» TASK DIRECTIONS
Each line in the entries below that holds the string "with" must be copied.

» SOURCE DATA
Content starts

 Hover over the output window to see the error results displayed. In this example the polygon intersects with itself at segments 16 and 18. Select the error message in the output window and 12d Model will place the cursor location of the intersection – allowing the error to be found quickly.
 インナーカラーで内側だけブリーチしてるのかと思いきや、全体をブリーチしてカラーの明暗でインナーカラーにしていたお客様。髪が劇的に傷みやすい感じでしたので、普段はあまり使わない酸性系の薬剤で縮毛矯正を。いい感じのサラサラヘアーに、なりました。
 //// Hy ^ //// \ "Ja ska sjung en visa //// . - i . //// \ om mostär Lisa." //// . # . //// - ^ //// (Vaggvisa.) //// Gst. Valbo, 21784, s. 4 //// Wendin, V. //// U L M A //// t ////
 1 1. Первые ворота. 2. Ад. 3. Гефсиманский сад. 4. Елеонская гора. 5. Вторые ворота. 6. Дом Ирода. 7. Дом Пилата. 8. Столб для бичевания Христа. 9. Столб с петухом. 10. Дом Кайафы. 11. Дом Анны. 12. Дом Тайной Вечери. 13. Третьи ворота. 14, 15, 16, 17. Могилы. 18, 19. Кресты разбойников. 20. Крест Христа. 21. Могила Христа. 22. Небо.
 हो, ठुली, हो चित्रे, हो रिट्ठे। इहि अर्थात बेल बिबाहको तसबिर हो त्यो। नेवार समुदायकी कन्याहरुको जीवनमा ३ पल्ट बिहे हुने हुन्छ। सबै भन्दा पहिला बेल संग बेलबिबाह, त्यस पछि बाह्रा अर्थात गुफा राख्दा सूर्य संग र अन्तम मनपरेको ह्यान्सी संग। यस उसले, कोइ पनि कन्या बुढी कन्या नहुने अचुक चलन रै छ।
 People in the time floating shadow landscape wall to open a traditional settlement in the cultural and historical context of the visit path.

Content ends
Content starts

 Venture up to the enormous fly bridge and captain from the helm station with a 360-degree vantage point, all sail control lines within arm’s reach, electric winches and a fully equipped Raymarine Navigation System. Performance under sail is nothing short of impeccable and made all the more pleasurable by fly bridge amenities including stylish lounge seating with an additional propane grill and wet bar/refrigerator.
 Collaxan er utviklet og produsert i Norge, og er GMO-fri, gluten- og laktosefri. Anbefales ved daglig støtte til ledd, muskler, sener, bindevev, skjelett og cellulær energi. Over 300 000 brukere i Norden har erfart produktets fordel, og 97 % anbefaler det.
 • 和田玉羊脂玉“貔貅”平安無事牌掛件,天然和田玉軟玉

Content ends

» ANSWER SPACE
 Hover over the output window to see the error results displayed. In this example the polygon intersects with itself at segments 16 and 18. Select the error message in the output window and 12d Model will place the cursor location of the intersection – allowing the error to be found quickly.
 Venture up to the enormous fly bridge and captain from the helm station with a 360-degree vantage point, all sail control lines within arm’s reach, electric winches and a fully equipped Raymarine Navigation System. Performance under sail is nothing short of impeccable and made all the more pleasurable by fly bridge amenities including stylish lounge seating with an additional propane grill and wet bar/refrigerator.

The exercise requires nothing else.